Thursday, November 1, 2007

Never speak before you have all the facts

Yeah, yeah, yeah, I know I said 'onto to rads!' in a most cavalier way as if my journey had ended, I could see the finish line, I was mustering up that final bit of strength to make it to the end and then let out that sigh of relief. :sound of loud buzzer: Not so fast, chickie babe.

Saw my oncologist on the 29th. He wasn't quite as happy with my surgery results as I was. I think it's amazing how 2 people can view the same event.

I see it as 'all clear' - they got it all, no more surgery, yippee-i-o.

He sees it as the original tumor in the breast spread outward to the lymph nodes and even after 8 cycles of chemo, there was still microscopic traces of cancer in 8 of 13 lymph nodes.

So my euphoria was deflated by his demeanor and the words 'more chemo'.

He didn't seem happy about much of anything. But then again, to be fair, this guy never seems happy about much of anything. Doesn't laugh, hardly ever smiles, makes me wonder what WOULD make him laugh actually.

He also ordered yet another Bone Scan (3rd one in less than a year) and another CT Scan (2nd one). I'm having both on Monday (Nov. 5). Then I see him again Nov. 12. He said he doesn't expect to find anything. In between I see the surgeon for a surgical follow-up on Nov. 8.

Provided the scans are OK, after I heal from surgery (painful as all get out) in a few weeks, I have more chemo. I said I don't want Taxol. Made me so so sick, don't want to go there again, he's gonna look into other drugs.
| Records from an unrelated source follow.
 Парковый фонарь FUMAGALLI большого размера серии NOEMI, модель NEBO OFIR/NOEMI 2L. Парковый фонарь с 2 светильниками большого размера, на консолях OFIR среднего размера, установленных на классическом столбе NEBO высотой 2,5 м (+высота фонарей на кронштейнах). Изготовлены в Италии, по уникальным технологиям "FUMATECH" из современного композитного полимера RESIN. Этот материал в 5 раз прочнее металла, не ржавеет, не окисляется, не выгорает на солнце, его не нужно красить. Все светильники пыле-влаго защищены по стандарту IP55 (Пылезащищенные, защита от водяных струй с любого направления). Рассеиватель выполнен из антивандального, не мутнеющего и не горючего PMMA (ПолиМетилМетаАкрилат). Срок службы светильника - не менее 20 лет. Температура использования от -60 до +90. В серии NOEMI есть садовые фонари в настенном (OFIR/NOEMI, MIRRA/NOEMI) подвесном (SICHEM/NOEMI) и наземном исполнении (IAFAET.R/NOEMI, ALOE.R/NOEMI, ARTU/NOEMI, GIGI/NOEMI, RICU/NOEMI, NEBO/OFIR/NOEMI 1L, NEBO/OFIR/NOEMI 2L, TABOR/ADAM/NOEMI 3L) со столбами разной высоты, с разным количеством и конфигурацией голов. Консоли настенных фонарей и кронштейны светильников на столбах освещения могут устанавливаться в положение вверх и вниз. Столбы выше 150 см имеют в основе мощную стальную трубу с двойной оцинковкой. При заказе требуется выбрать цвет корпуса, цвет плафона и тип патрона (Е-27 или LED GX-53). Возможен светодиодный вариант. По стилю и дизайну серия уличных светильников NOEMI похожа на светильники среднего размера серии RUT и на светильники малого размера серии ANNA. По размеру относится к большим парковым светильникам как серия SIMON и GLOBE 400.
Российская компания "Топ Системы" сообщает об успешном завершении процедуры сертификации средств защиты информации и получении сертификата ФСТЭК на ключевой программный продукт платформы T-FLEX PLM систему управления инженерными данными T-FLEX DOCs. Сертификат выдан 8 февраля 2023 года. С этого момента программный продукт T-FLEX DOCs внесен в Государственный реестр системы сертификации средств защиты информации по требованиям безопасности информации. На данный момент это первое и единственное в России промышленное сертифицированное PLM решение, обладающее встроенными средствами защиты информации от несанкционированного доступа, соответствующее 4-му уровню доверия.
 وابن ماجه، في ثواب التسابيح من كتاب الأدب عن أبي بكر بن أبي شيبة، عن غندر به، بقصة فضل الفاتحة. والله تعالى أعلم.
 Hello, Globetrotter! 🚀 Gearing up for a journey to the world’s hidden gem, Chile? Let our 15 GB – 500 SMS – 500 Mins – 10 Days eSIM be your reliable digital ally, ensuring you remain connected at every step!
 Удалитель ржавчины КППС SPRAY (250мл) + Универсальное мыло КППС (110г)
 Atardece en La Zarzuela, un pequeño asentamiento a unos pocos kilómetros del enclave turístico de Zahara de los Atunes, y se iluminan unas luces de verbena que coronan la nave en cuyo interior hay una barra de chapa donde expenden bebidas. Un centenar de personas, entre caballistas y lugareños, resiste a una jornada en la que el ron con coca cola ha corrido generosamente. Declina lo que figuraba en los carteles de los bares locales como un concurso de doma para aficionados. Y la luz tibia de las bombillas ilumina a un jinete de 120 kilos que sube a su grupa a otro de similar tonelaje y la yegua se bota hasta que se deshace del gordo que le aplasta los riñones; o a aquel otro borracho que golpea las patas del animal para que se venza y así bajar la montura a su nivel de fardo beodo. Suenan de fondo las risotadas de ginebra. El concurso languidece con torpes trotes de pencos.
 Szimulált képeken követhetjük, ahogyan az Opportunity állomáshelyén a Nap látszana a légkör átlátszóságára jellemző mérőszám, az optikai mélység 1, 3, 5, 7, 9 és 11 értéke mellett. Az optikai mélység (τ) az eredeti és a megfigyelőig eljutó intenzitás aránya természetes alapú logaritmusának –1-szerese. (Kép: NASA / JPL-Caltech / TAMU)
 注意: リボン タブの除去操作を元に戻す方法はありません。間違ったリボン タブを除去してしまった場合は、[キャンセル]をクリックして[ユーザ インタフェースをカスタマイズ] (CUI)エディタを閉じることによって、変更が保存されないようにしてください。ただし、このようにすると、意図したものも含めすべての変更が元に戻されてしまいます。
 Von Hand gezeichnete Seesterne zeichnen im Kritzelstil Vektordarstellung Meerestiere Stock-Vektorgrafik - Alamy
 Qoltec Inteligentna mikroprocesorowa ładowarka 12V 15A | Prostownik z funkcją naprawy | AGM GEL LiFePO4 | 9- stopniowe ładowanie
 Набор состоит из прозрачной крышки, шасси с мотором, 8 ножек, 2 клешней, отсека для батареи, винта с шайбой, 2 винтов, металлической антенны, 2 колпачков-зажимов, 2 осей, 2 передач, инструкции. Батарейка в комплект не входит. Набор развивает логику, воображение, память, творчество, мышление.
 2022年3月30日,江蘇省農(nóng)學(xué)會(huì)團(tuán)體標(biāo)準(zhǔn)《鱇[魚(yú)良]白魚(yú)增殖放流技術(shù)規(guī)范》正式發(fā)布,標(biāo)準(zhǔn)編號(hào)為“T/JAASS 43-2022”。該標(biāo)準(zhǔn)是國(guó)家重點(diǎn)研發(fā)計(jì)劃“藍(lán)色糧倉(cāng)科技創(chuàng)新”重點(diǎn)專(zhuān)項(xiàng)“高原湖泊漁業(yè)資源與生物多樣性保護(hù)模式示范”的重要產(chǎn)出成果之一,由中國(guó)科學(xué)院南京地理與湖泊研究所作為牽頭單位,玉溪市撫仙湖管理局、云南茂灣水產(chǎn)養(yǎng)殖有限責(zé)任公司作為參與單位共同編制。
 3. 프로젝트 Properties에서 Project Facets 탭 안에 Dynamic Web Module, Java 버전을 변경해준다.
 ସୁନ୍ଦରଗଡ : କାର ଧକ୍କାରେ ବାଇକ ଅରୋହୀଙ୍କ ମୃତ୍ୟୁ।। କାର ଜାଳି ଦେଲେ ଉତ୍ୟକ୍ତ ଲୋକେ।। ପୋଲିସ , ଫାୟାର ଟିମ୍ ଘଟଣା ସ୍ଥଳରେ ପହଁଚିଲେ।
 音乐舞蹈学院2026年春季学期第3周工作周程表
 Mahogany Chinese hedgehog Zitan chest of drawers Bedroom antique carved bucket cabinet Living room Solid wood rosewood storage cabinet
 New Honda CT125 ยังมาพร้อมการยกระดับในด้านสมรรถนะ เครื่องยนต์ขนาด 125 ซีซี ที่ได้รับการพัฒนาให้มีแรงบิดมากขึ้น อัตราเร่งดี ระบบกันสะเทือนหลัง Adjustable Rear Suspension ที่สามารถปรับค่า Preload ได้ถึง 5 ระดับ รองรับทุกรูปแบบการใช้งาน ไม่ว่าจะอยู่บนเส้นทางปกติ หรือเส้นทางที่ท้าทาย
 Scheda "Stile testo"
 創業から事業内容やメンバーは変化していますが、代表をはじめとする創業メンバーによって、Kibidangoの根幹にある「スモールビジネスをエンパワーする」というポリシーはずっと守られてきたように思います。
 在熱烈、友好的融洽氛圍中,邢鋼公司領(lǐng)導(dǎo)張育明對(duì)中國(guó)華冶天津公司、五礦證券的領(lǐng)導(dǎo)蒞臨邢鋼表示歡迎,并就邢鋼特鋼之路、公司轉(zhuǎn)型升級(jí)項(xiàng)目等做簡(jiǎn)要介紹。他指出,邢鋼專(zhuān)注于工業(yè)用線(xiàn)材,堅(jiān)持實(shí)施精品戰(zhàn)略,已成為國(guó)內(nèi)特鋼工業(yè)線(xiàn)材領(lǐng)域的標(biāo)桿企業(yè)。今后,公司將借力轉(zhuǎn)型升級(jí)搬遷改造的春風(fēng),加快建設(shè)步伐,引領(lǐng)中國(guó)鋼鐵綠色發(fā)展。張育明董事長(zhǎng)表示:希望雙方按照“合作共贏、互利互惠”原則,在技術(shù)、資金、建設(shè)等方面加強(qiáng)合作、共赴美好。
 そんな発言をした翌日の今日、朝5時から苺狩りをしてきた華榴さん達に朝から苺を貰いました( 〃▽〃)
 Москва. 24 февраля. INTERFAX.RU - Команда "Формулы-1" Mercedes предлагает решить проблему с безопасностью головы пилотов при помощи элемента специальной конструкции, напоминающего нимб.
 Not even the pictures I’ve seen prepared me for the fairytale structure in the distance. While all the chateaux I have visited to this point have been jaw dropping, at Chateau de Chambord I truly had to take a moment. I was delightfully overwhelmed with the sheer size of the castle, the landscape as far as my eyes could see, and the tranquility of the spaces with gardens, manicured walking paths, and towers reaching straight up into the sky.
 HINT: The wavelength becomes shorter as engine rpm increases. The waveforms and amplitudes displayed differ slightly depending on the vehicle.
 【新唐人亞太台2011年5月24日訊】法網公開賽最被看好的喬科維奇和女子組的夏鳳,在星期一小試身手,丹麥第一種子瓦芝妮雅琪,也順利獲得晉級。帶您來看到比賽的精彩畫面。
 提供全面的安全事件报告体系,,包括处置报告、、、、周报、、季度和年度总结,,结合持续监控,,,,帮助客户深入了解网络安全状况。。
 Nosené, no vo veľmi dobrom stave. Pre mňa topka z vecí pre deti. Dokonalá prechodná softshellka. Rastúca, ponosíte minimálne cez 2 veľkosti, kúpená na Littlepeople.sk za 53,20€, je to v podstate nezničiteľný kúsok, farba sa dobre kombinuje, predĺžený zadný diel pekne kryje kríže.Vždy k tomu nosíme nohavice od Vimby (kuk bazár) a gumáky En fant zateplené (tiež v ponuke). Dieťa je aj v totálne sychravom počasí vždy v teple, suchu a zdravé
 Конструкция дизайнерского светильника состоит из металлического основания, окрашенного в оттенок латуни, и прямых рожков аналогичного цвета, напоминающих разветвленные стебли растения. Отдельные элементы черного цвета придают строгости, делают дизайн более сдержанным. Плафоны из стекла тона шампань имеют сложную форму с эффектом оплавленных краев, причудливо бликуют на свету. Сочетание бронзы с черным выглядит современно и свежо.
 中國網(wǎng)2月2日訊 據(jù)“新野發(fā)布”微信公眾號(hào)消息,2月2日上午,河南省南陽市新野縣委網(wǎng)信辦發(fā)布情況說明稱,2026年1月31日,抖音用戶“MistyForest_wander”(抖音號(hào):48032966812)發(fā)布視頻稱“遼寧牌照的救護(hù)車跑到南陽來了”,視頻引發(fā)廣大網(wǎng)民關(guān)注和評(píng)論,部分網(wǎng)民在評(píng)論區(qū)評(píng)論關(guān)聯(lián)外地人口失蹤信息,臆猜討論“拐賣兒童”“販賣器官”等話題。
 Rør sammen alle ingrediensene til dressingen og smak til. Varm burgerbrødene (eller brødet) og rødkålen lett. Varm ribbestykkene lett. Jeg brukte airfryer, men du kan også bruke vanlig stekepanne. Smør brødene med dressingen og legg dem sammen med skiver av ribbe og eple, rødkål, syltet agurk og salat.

He said it won't be 8 cycles like before, but didn't say how many, maybe between 2-4.

But now that my nails are recovering and my hair is coming back, I guess I can kiss all that good bye. Great. Guess I'm going back to this--->












He explained the 'more chemo' as an insurance policy, as in peace of mind. He's very thorough, I'll give him that. Needless to say, this treatment is going to go on till next year sometime.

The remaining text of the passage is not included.